WHAT YOU HAVE TO DO — Your copy should begin with the line containing "Hong Wang, Mechanical", end with the line containing "50% ringgesponnen katoen", match the listing below exactly, and contain no pictures.

RECORDS FOR THE EXERCISE —
%%

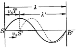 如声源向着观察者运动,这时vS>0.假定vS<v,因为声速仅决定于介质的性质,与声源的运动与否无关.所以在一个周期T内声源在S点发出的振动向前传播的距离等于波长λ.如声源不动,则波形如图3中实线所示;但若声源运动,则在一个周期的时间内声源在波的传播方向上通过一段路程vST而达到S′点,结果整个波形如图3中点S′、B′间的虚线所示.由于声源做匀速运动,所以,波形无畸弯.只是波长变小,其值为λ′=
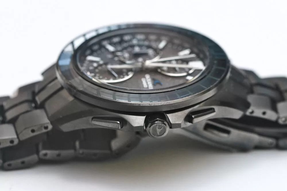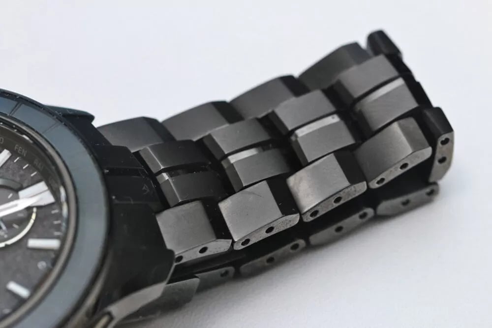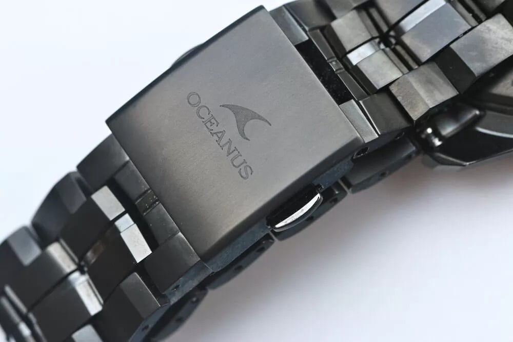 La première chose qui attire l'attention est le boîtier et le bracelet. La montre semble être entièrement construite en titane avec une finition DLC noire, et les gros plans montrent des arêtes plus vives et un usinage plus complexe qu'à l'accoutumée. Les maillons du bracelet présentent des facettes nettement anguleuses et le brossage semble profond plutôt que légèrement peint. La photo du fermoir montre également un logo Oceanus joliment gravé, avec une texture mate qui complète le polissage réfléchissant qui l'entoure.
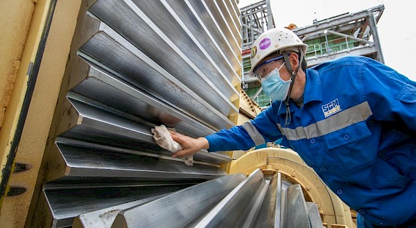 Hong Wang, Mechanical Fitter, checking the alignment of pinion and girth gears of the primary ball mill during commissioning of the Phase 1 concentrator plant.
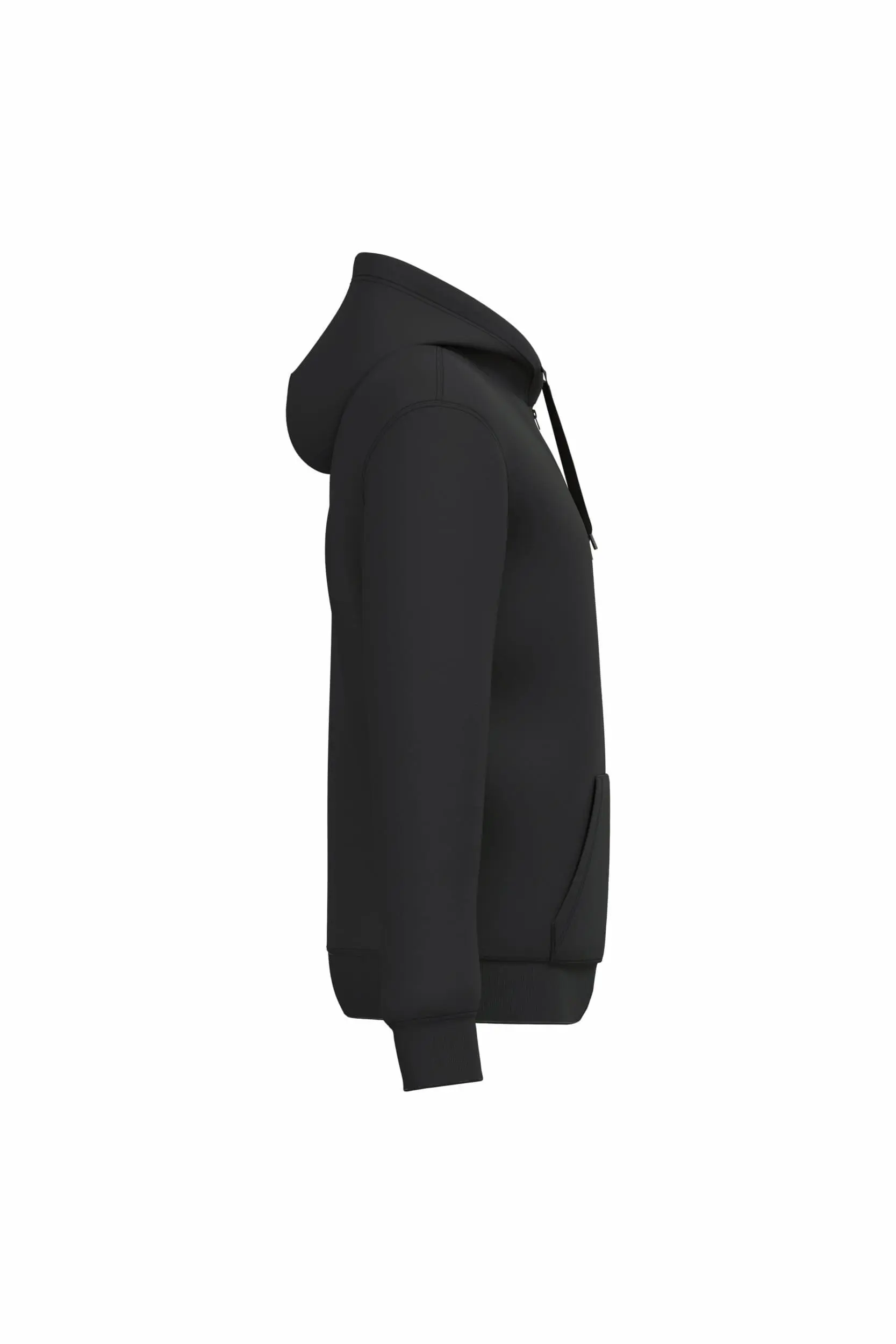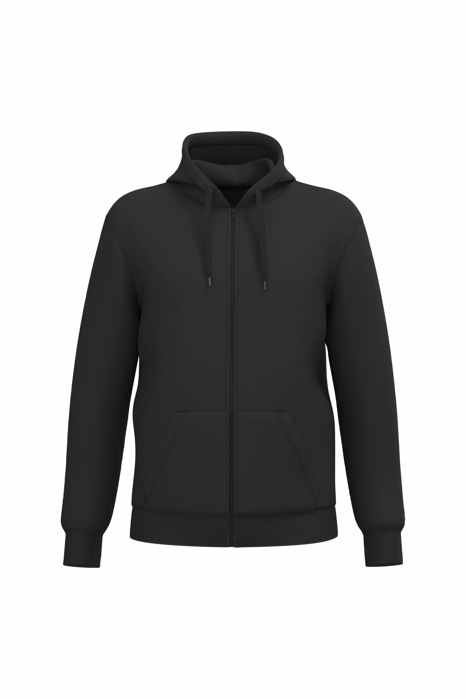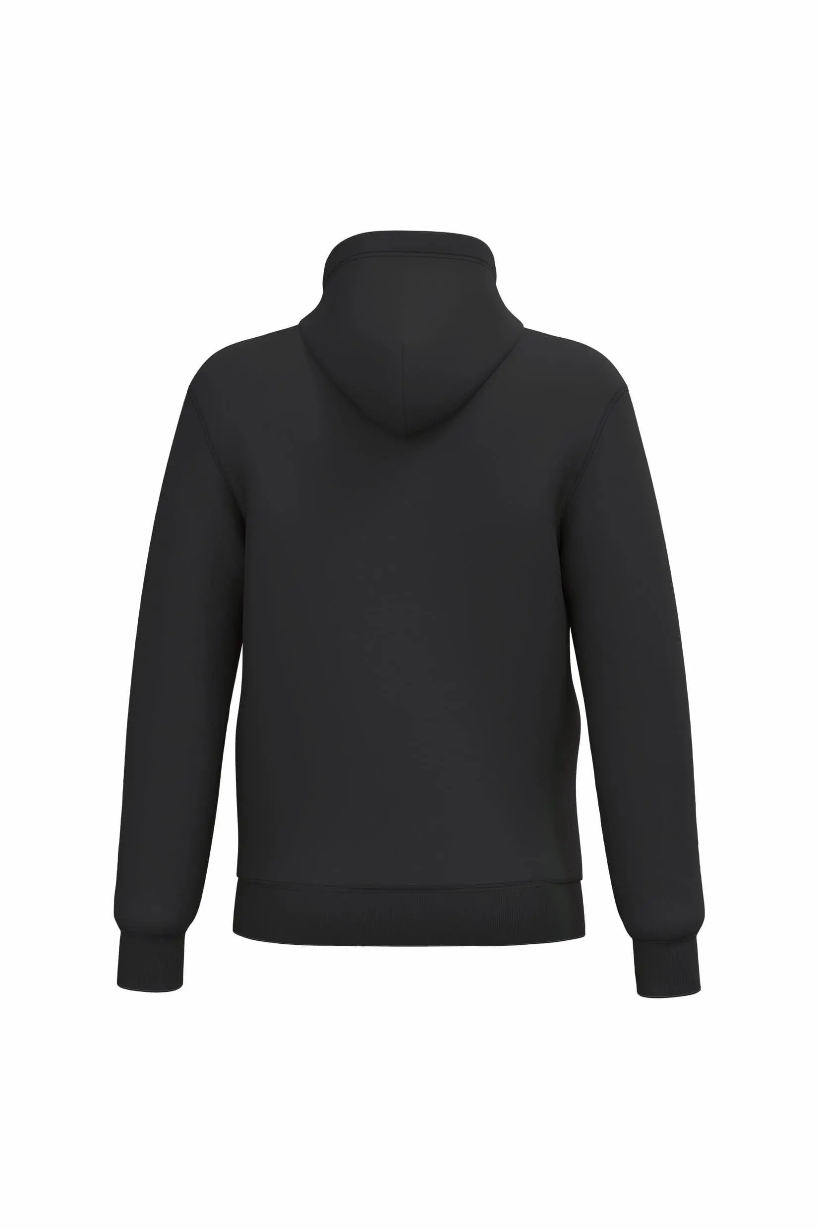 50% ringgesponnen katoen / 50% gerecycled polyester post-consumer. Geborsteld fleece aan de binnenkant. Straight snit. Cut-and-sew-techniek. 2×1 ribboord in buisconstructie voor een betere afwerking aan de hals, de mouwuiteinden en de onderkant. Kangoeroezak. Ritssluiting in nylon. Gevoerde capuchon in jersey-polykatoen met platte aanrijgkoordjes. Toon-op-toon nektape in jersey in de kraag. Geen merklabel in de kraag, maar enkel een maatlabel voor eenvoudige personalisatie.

%%
%%

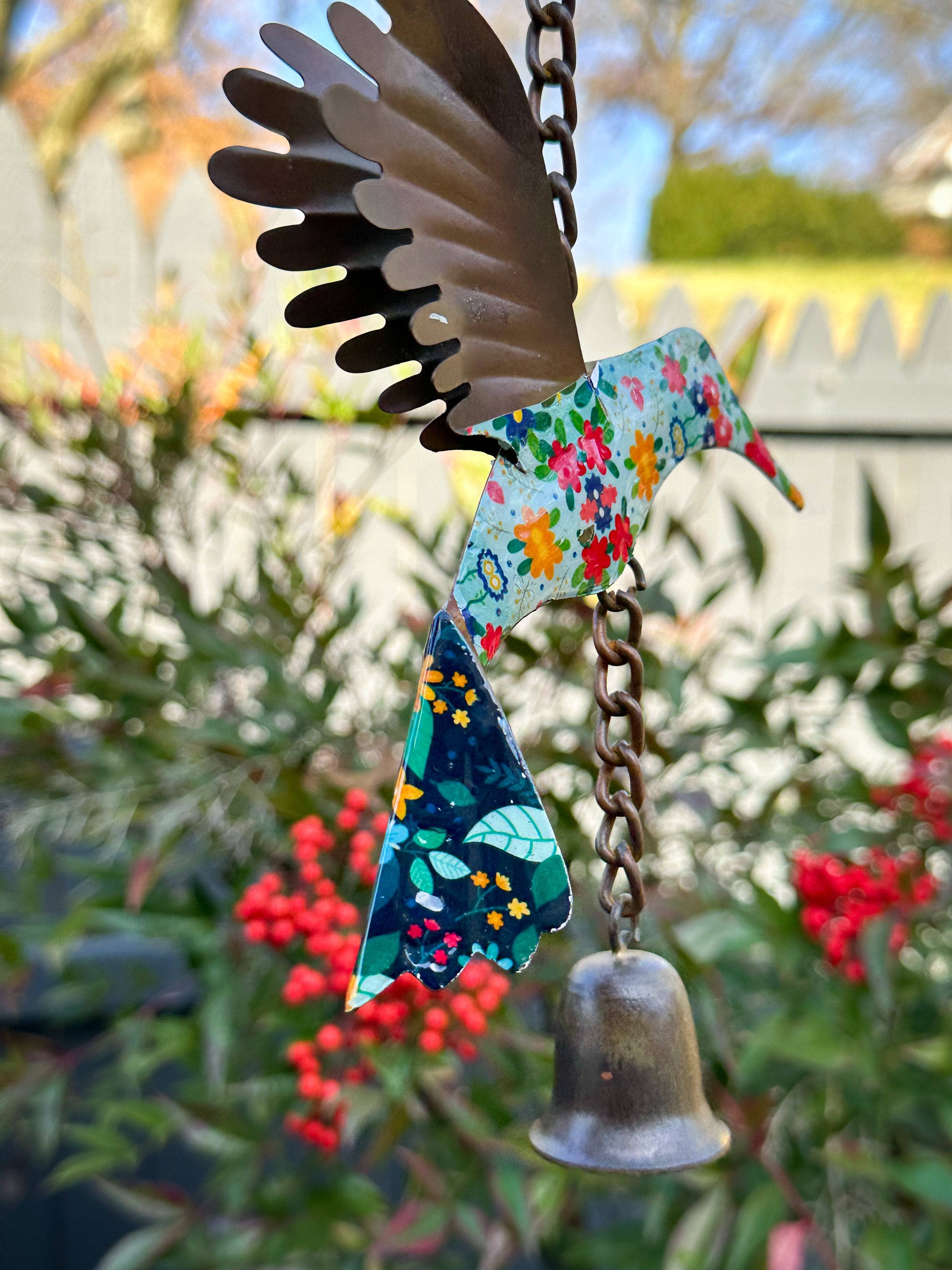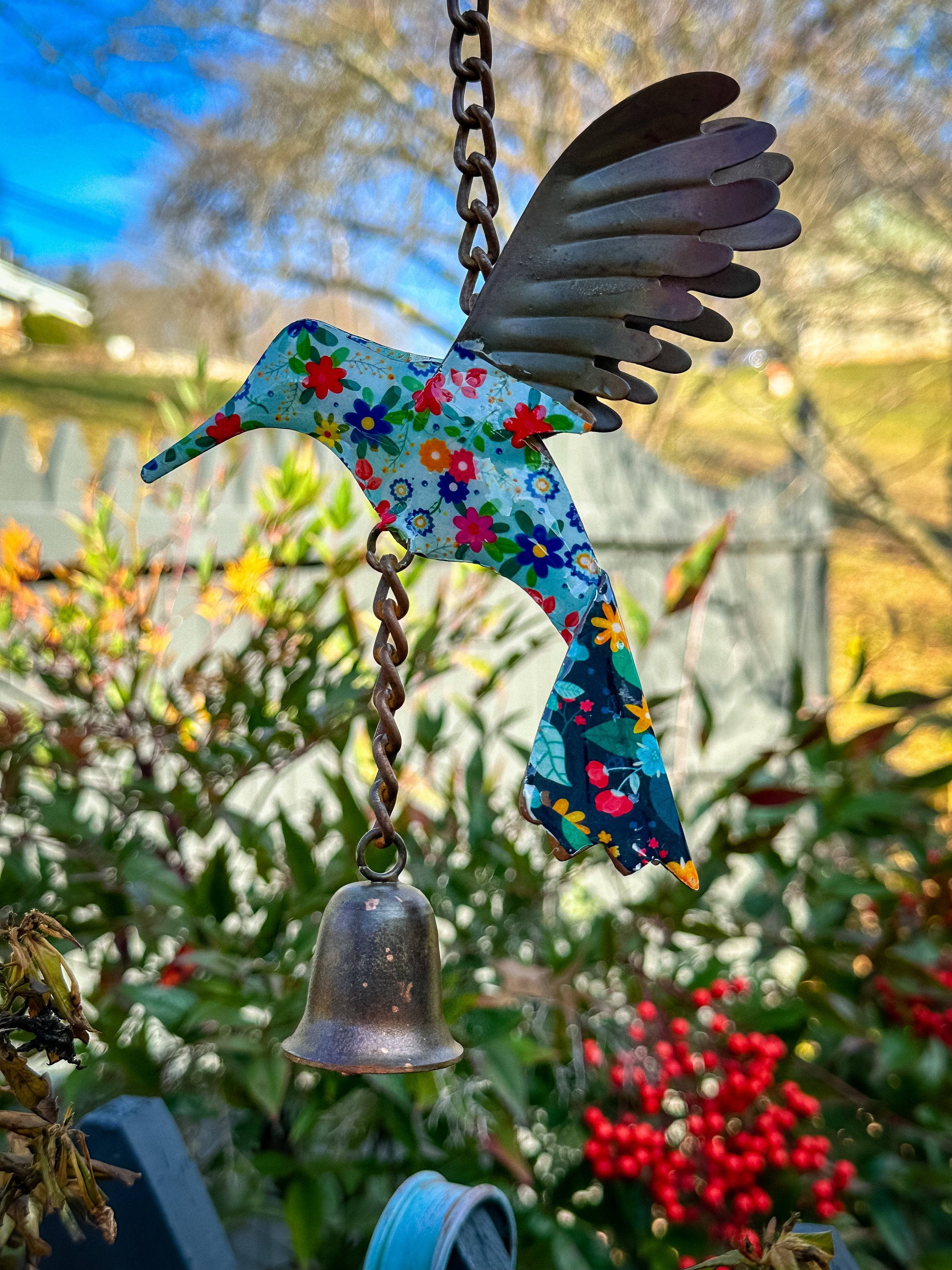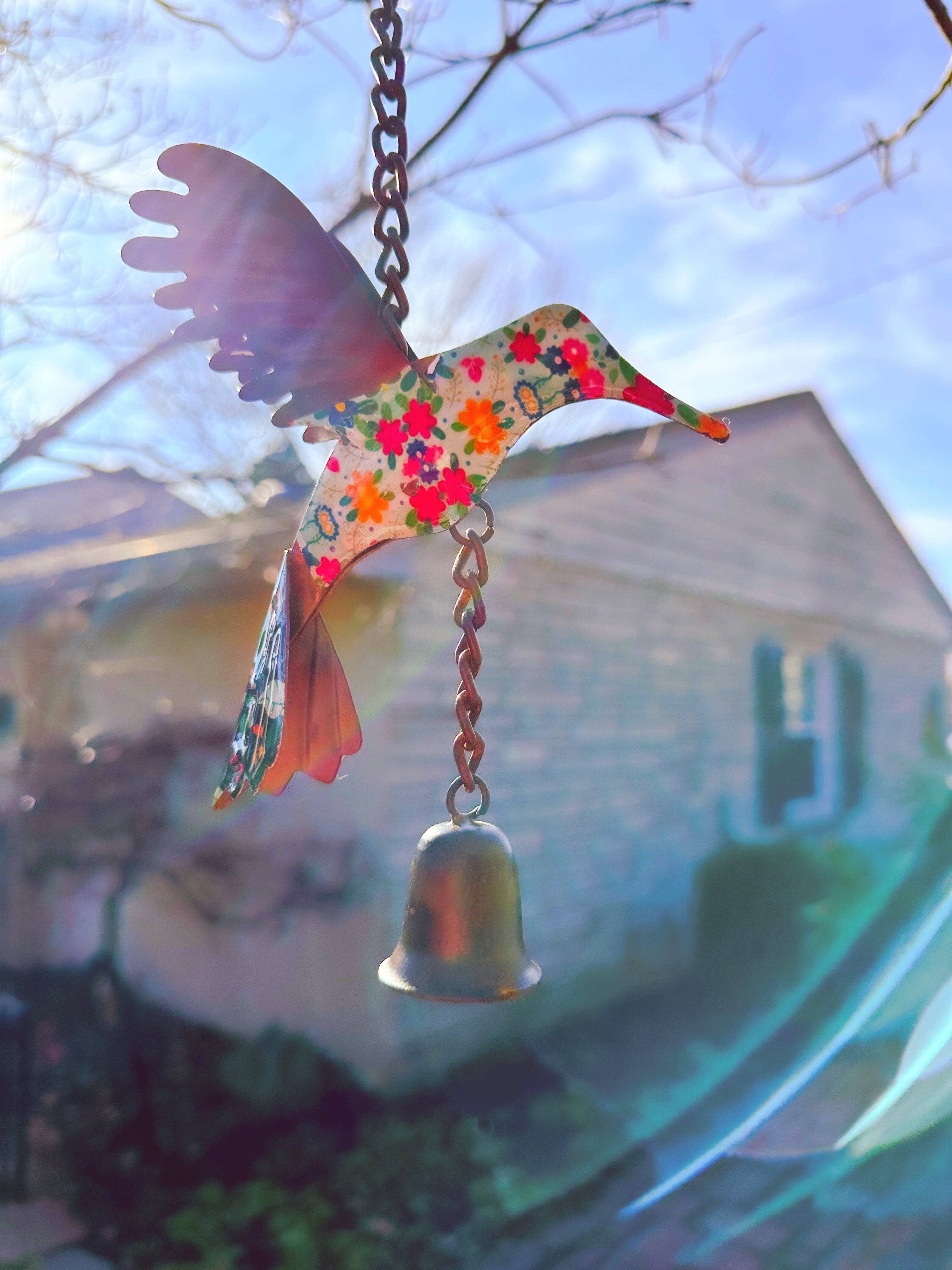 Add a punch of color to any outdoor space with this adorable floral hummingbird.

%%
%%

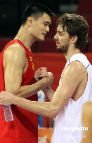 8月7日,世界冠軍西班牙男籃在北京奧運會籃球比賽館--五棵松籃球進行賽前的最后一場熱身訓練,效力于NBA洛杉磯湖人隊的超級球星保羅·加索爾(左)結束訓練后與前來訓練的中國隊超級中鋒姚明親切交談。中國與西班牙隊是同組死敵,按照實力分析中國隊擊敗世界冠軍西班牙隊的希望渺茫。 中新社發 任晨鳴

%%

EXPECTED OUTPUT —
 Hong Wang, Mechanical Fitter, checking the alignment of pinion and girth gears of the primary ball mill during commissioning of the Phase 1 concentrator plant.
 50% ringgesponnen katoen / 50% gerecycled polyester post-consumer. Geborsteld fleece aan de binnenkant. Straight snit. Cut-and-sew-techniek. 2×1 ribboord in buisconstructie voor een betere afwerking aan de hals, de mouwuiteinden en de onderkant. Kangoeroezak. Ritssluiting in nylon. Gevoerde capuchon in jersey-polykatoen met platte aanrijgkoordjes. Toon-op-toon nektape in jersey in de kraag. Geen merklabel in de kraag, maar enkel een maatlabel voor eenvoudige personalisatie.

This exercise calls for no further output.